I have been trying to figure out how I first got entangled with the great group of artists from SCIBASE. I think that Louise Atkinson may at the bottom of it all, I am fairly certain that she forwarded a call for work from the Basement Arts Project to me. I am quite certain that my proposal for that show wasn’t accepted, but I ended up on their email list and when the call for work for SUPERMARKET went out I was really anxious to be included. The rest as they say is history. They accepted my proposal and I was able to meet up with them in Stockholm.

This was really the beginning of the strange mental journey I have been on since. I realized while I was at SUPERMARKET that I was quite content with the nature of my practice. I had really struggled after being accepted with the distinct possibility that I was not hip enough for an independent event of this kind. (and really I wasn’t!) I have said many times on this blog that I am maker, my hands need to be busy, I like the sense of gratification and accomplishment I get from producing a finely crafted thing. I enjoy the slow rhythm and repetition of my time in the studio. I am that creature. So while being in Stockholm certainly generated plenty of social anxiety, I really am not good with new people, it also generated a sense of well being that was new. I felt that there were some people who did get was I was doing and that seemed to be enough. I am not cutting edge, but I am OK with being a quieter, middle-aged, suburban sort of message bringer.

Then after spending time with the amazing group of NYFA MARK artists I realized another subtle internal shift was happening.
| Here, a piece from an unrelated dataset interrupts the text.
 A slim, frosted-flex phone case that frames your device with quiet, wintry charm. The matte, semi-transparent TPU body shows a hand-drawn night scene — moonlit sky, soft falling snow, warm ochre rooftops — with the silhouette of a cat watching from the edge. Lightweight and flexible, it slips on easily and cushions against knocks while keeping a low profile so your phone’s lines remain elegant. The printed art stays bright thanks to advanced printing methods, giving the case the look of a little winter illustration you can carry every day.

I was really beginning to believe that I WAS an artist. It is really hard to explain what changed, or how my thoughts changed, but something has shifted. I find myself able to relax into the work, to be freer and more playful. Setting goals has allowed me to let go of something tight that was really jamming me up and I can already see the results in the studio and in my professional life. I am still not good with people but I find myself trying to be more open and especially more receptive to help.

And so today I had my first studio visit with a curator. I was able to carry on a fairly intelligent conversation about my work, and to get some valuable feedback about new projects. Just a few months ago I would not have even dared to invite a curator in, I didn’t believe I had anything worth seeing or sharing with a professional like that. I was making judgments about my work I should have been letting others make for themselves. Today I can say I do feel like a REAL artist.
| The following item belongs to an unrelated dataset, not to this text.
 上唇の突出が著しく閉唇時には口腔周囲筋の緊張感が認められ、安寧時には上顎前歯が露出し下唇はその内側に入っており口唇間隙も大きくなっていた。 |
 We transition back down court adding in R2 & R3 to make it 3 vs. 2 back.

And so, back to Bruce and Wendy and all the others, the artists of SCIBASE who gave me an unexpected boost. People in the art world talk all the time about lack, about fear and competition. This year I have been shown that it can just as easily be about collaboration, shared opportunity and abundance. A group of artists who only knew me through email and proposals welcomed me in, they took my very un-hip, perhaps embarrassingly earnest self consciousness and gently nudged me to a better place.They shared an experience, a space, even dinner!
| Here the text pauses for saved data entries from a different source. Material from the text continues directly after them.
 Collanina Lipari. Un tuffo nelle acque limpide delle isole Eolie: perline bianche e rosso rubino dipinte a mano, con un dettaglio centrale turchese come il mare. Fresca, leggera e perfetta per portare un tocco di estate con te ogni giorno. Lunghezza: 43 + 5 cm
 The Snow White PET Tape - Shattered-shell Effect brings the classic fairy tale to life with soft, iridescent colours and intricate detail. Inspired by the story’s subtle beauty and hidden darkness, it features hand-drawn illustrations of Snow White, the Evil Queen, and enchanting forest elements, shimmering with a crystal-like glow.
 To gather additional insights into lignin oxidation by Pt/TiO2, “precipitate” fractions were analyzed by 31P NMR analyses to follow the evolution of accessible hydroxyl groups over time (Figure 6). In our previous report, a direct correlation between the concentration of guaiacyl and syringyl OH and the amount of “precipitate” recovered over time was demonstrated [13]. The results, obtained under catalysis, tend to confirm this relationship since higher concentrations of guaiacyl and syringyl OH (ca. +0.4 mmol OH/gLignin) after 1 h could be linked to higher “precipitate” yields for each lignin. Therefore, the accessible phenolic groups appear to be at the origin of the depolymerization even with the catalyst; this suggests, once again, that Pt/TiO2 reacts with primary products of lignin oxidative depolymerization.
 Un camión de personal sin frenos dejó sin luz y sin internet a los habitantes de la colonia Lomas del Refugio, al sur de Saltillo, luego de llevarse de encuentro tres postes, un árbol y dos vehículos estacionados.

I am excited to be showing with them again this coming month. My work is already on its way to Liverpool for the Independents Biennial. I finally wised up and created a print project that could be printed in England – so no expensive shipping and the work is designed to be taken away, so no return shipping either! The work I am sending is quite different, it is not precious, it is not finely crafted. It is a response to the absolutely ridiculous provocation of the political conversation in America over the past few months. It reflects the show’s title “inhospitable”, and how inhospitable to women the dialogue has become. I will wait until the show opens to post images.

I want to thank all the other artists in the collaborative who are doing the donkey work of installation and invigilation so that my work will be seen. I really, really wish I was coming to Liverpool to see you all again. And I want to thank all of you, my blog friends for supporting me too.